Clarice grew up in Recife, the capital of the state of Pernambuco. The family moved to Rio when she was in her teens. While at the National Law Faculty of the University of Brazil (where there were no other Jews and only two other women), Clarice began publishing her first journalistic work and short stories, catapulting to fame at the age of 23 with the publication of her first novel, Near to the Wild Heart, written as an interior monologue in a style and language that was considered revolutionary in Brazil. Clarice left Brazil in 1944, following her marriage to Brazilian diplomat  
Maury Gurgel Valente, and spent the next 15 years in Europe and the United States.

After returning to Rio in 1959, she began producing her most famous works, including the stories of Family Ties, the great mystic novel The Passion According to G.H. and what is arguably her masterpiece, Água Viva. Seriously injured in a fire in her apartment in 1966, Clarice spent the last 11 years of her life in frequent pain, steadily writing and publishing novels and stories until her premature death in 1977. Shortly after The Hour of the Star was published, she was admitted to hospital with inoperable ovarian cancer.

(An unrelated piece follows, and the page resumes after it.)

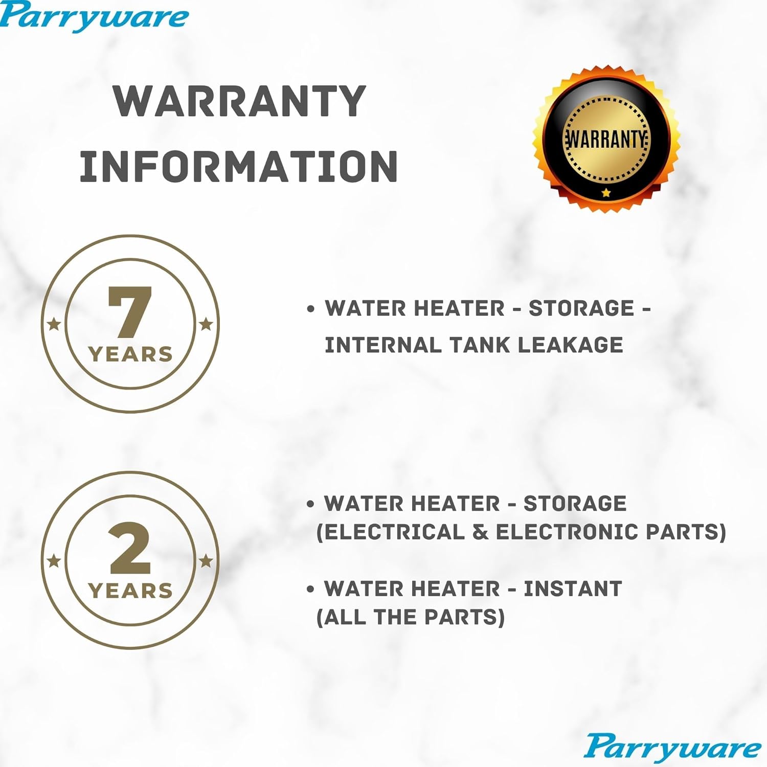 WARRANTY: 7 Year on Tank and 2 Year on Product; It is recommended that maximum line pressure of water at the inlet is checked and on appropriate model is selected to ensure a trouble free performance

Statue of Clarise with her Olympic SF portable typewriter at Praça Maciel Pinheiro - Recife, Pernambuco, Brazil.

PS: There is an alarming number of seriously misinformed people who think this image is of Clarice Lispector. It is in fact Alice Denham, Miss July 1956 in Playboy magazine.


HBlaine said...

Robert, thank you so much for the (yet again) excellent post. Clarice Lispector has long been on my ever growing list of “Authors I Need to Read”. Your post serves as a good kick to the reminder for me to get ahold of her work. Thanks again, and Happy Holidays from the States!

Richard P said...

She is one of my favorite writers, though I only began reading her work a few years ago. She wrote very intelligent and challenging stories about awakening to oneself and to the strangeness of the world.

Of course, that is an Underwood in a couple of the photos.

Richard P said...

I believe it's a Finger-Flite Champion. One of the best '50s Underwood portables.

Bill M said...

Very well done, Robert.
Hope you and yours have a Merry Christmas!